# [SOLVED] Autorun.exe won't run, therefore can't install game



## jf656 (Feb 13, 2012)

I am trying to install SimCity 4 on Windows 7. I get an error message when I try to run autorun.exe. The instructions say;



> Insert the SimCity 4 Deluxe Edition disc into your CD-ROM/DVD-ROM drive. The autorun menu appears.


I click on "Run RunGame.exe", the box disappears, and othing happens. The alternative method says:



> If the Autorun menu does not automatically appear, left-click the *Start *button from the Windows Taskbar and select *Run...* . Type *C:\Autorun.exe* in the Run dialog box, then click *OK*.


This time, an error message comes up saying:



> Windows cannot find 'C:\Autorun.exe'. Make sure you typed the name correctly, and then try again.


I just uninstalled the game (which worked fine), but this keeps happening when I try to re-install it. :banghead:
What do I need to do to make "Autorun.exe" run?


----------



## JMPC (Jan 15, 2011)

*Re: Autorun.exe won't run, therefore can't install game*

The autorun program would not be on C: which is the Windows drive.


Find the drive letter of the optical drive (could possibly be D: or E by opening Computer which is on the start menu.


----------



## jf656 (Feb 13, 2012)

*Re: Autorun.exe won't run, therefore can't install game*

I found the drive letter to be D:, but it still won't work.
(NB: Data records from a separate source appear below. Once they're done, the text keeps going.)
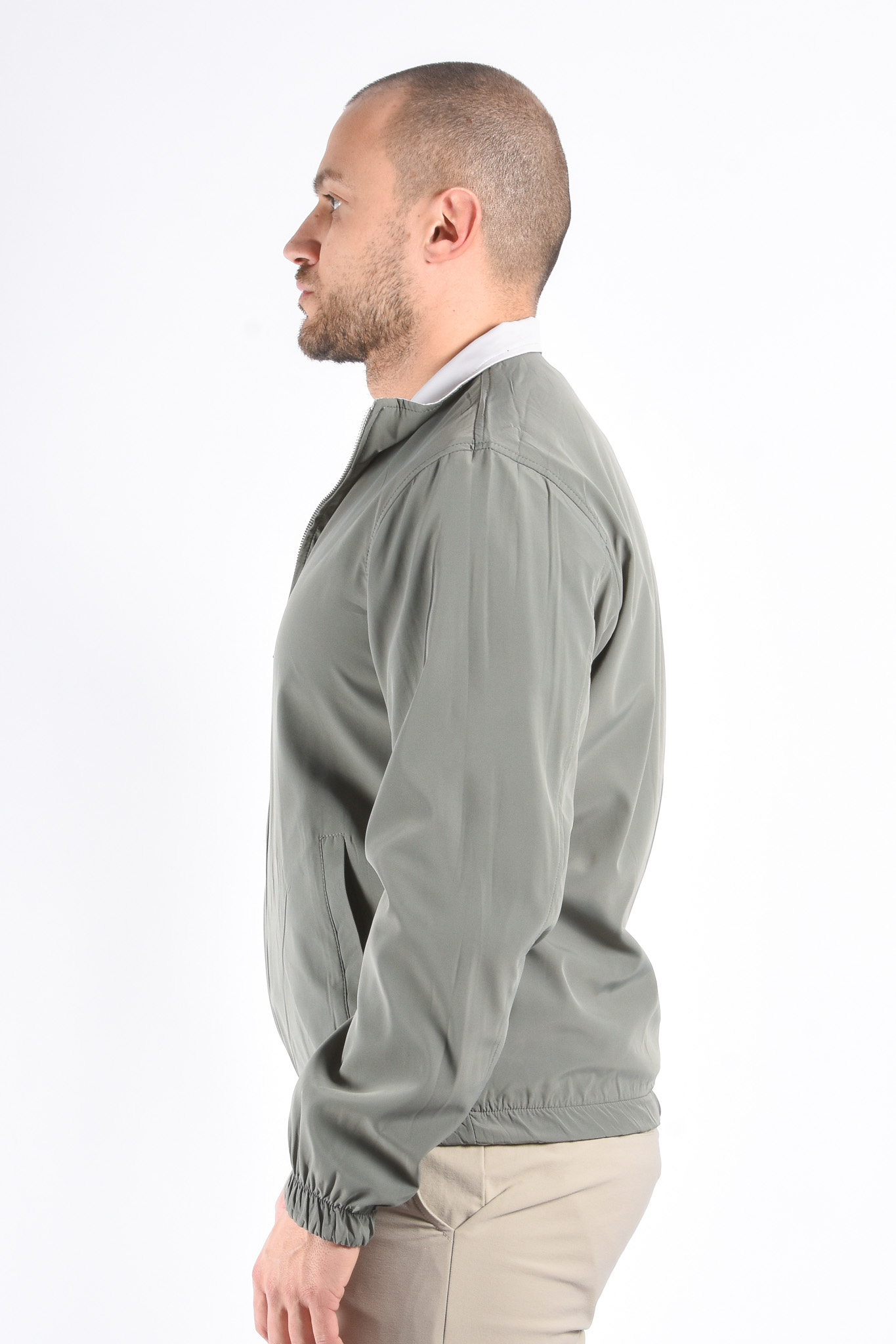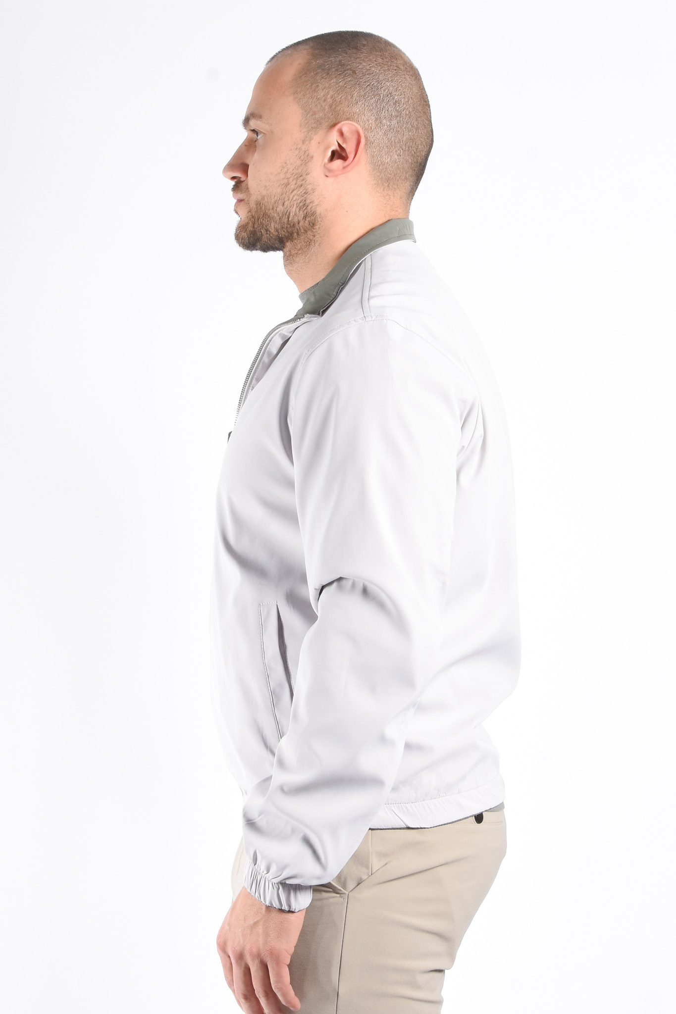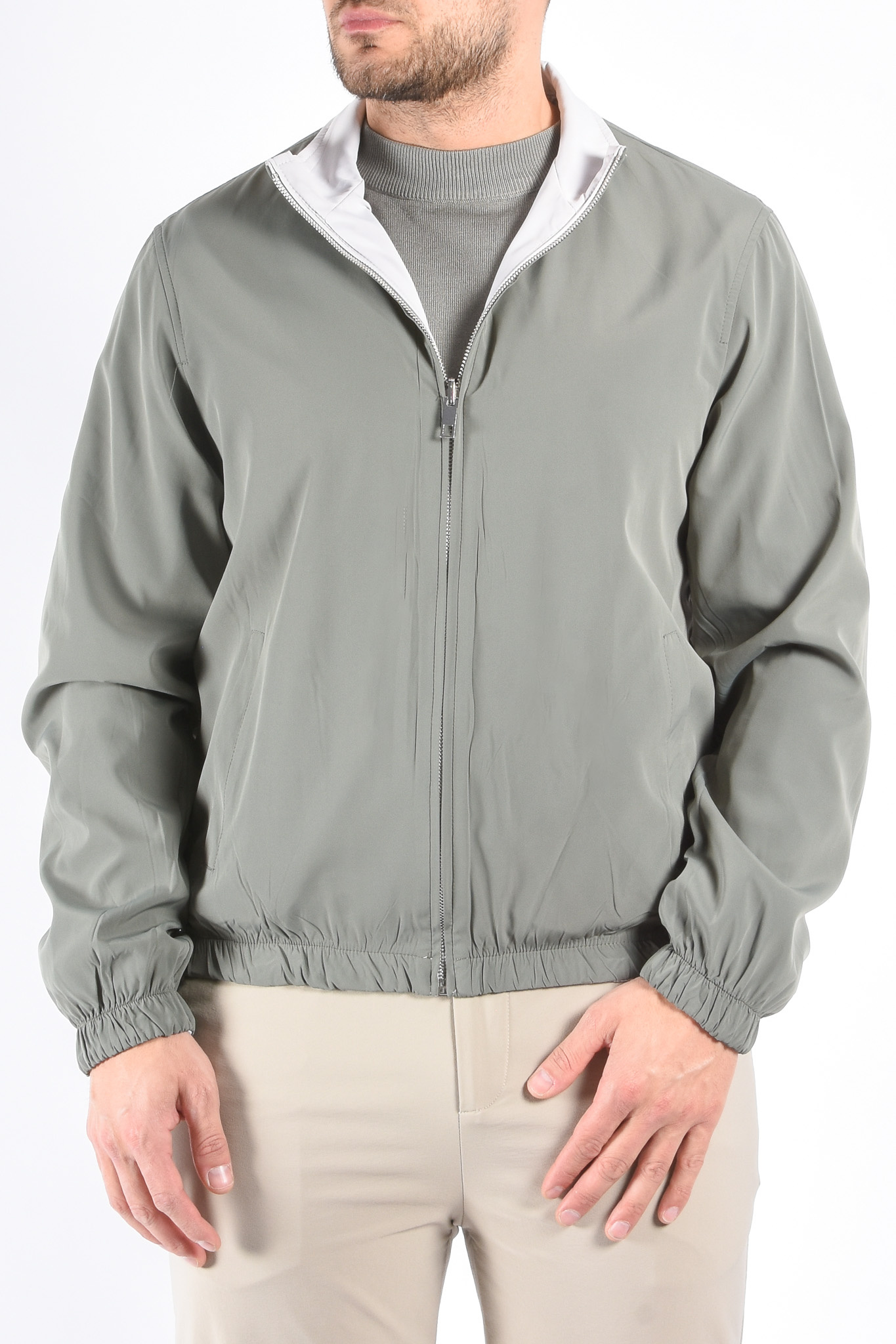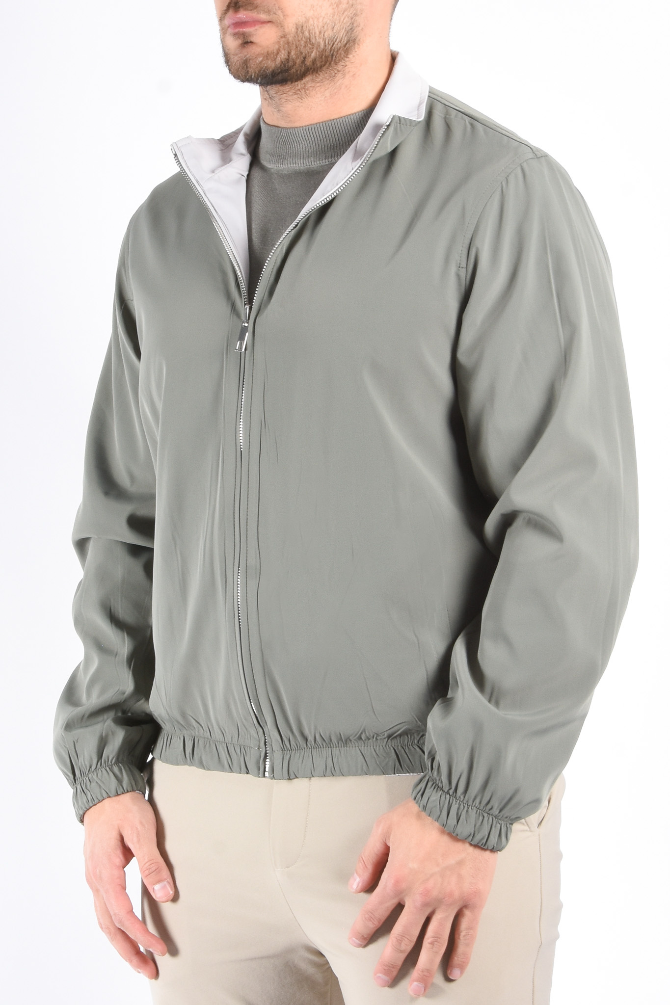 ProductomschrijvingPremium Reversible Jacket "Vazio" Greenish / Light GreigeModel: 179cm / 85kg Draagt maat L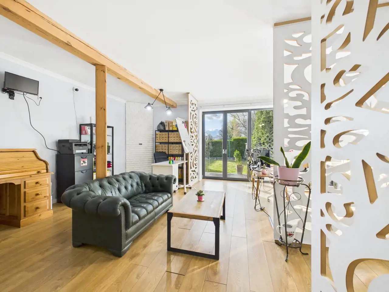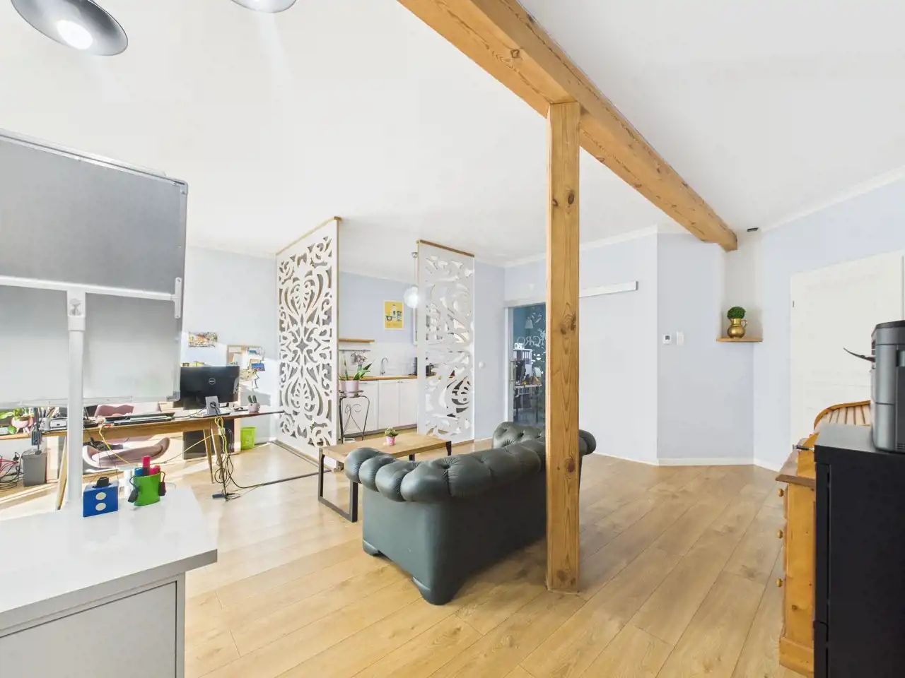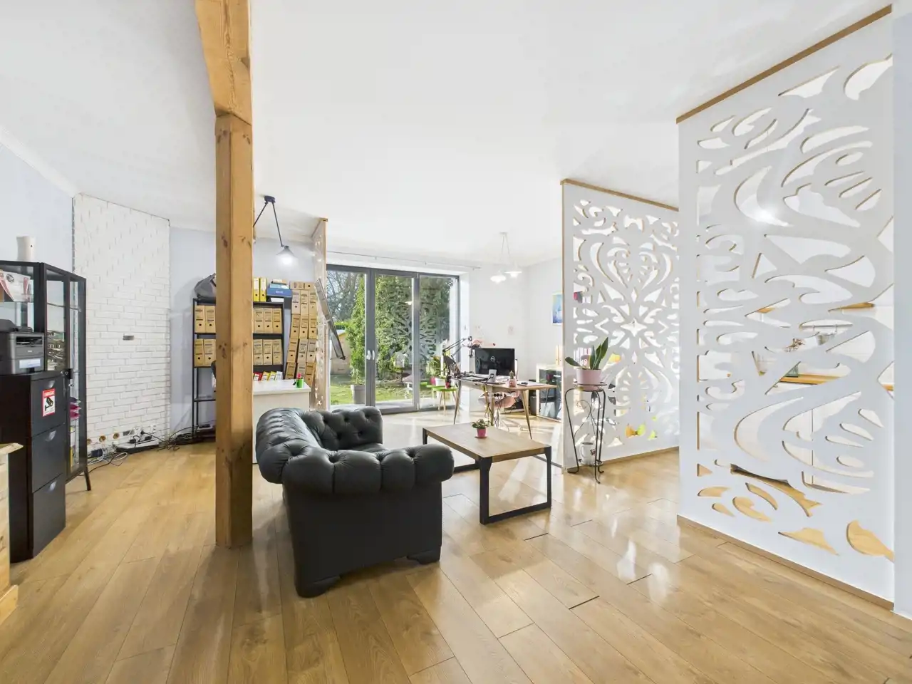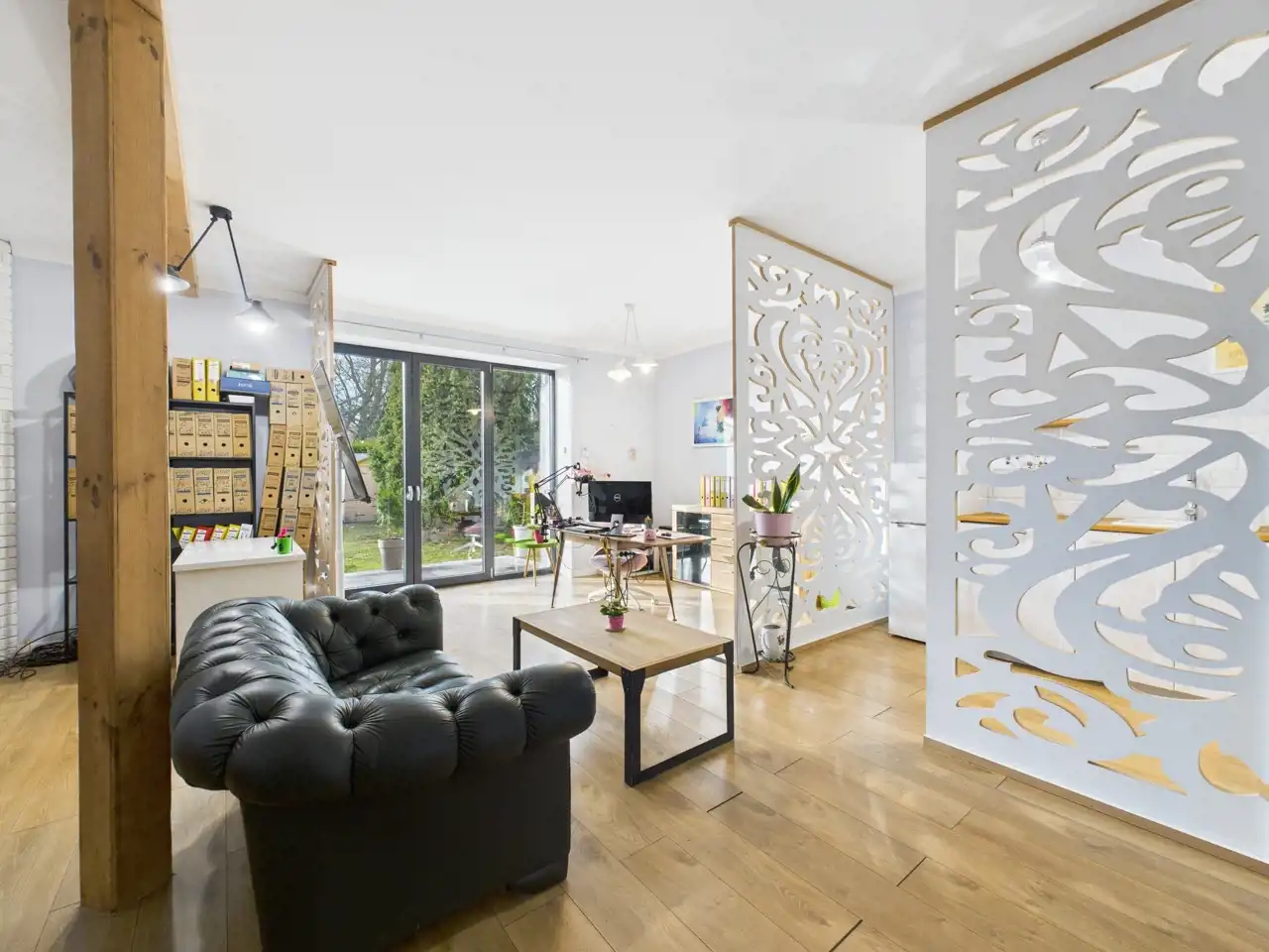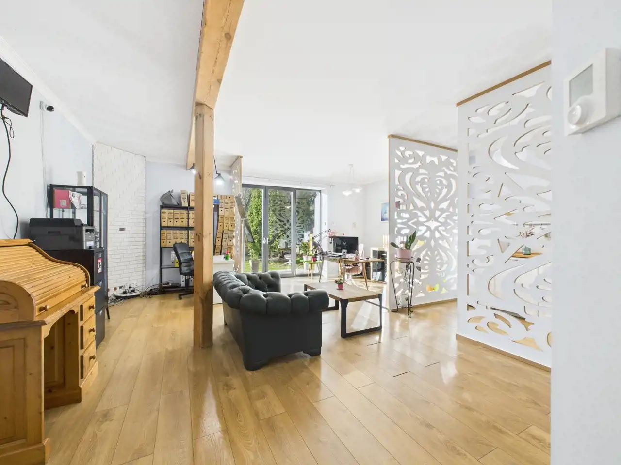 - mniejszego pomieszczenia, które również może służyć jako pomieszczenie biurowe, z wnęką na piec gazowy/miejsce do przechowywania,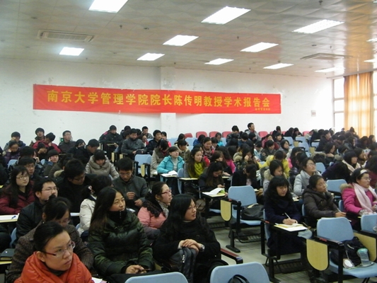 陈传明教授是我国知名的管理学家,南京大学文科首教授,南京大学企业战略研究所所长,兼任中国区管理研究会副理事长,享受国务院特殊津贴。他长期从事企业组织理论与企业战略管理研究,主持国家自然科学基金等项目10多项,出版专著5部,在《管理世界》、《中国工业经济》等期刊发表论文60多篇。此次活动由经贸管理学院就业发展协会承办。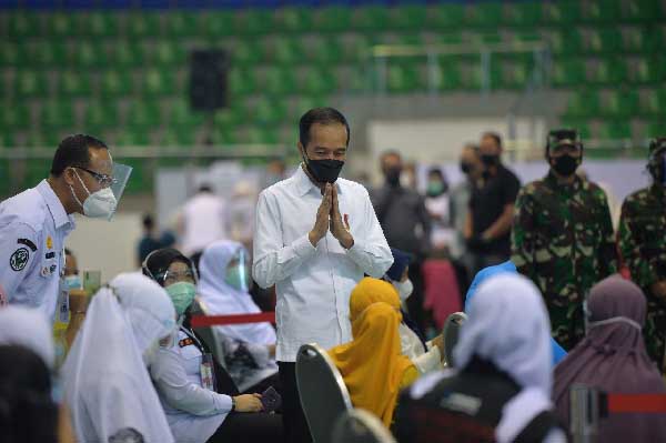 Kegiatan tersebut dilakukan Presiden Joko Widodo, guna memberikan semangat kepada masyarakat yang menerima vaksinasi massal dalam agenda kunkernya.

When I insert the disk, the AutoPlay screen comes up. I click the button that says "Run RunGame.exe", the AutoPlay screen disappears, and nothing else happens.

When I try the run dialog box, entering "D:\Autorun.exe" gives me the error message. "D:\RunGame.exe" however, causes the Run box to disappear, just like the AutoPlay screen.

So, I think I actually need to run D:\RunGame.exe (not Autorun), but something is preventing it from running. What is preventing it and how can I fix it?


----------



## Van Hel Singh (Jul 24, 2006)

*Re: Autorun.exe won't run, therefore can't install game*

Find the drive. Right-click and explore. Find the appropriate .exe file, should be something like setup.exe but the name will vary between games. Launch that. 

If it doesn't work, launch as admin. Make sure that you're not just missing the prompt boxes, they might not jump up on your screen and may just be in the windows bar. 

Since it is a fairly old game, you can also try launching in Windows XP as there may be compatibility issues. This is fairly easy to do but I've completely forgotten (being on a Mac), perhaps someone here could help you. I think you have to right-click, properties, and find it on there somewhere.


----------



## jf656 (Feb 13, 2012)

*Re: Autorun.exe won't run, therefore can't install game*

I tried compatibility mode for:
- Windows XP (Service Pack 2)
- Windows XP (Service Pack 3)
- Windows 2000
- Windows 98 / Windows ME

This time, when I click Run *RunGame.exe* on the AutoPlay screen, the box that says "Would you like to allow this program to make changes to your computer?" opens. When I click Yes, the screen disappears and nothing else happens.


----------



## jayxl (Feb 4, 2012)

*Re: Autorun.exe won't run, therefore can't install game*

Hey,did you have the Sim city game CD?
Have you bought the game or just have copied it from an another device?
If so, you will not be able to install it as you must have an installation Disc.


----------



## shawnpb (May 30, 2010)

*Re: Autorun.exe won't run, therefore can't install game*

Where did you get the game from?


Are you trying to install the game from the installation cd or the play game cd?


----------



## jayxl (Feb 4, 2012)

*Re: Autorun.exe won't run, therefore can't install game*

I think that you have copied the game from another device.Haven't you?


----------



## jf656 (Feb 13, 2012)

*Re: Autorun.exe won't run, therefore can't install game*

I tried Disc 1 and it worked! I feel kinda stupid now, but I always just thught Disc 1 was broken or something. Thanks a lot!! :rofl:


----------



## shawnpb (May 30, 2010)

*Re: Autorun.exe won't run, therefore can't install game*

Disk 1 Would also be the Play Game CD. We are glad you sorted it out. Please mark the thread as solved by using the thread tools above.


----------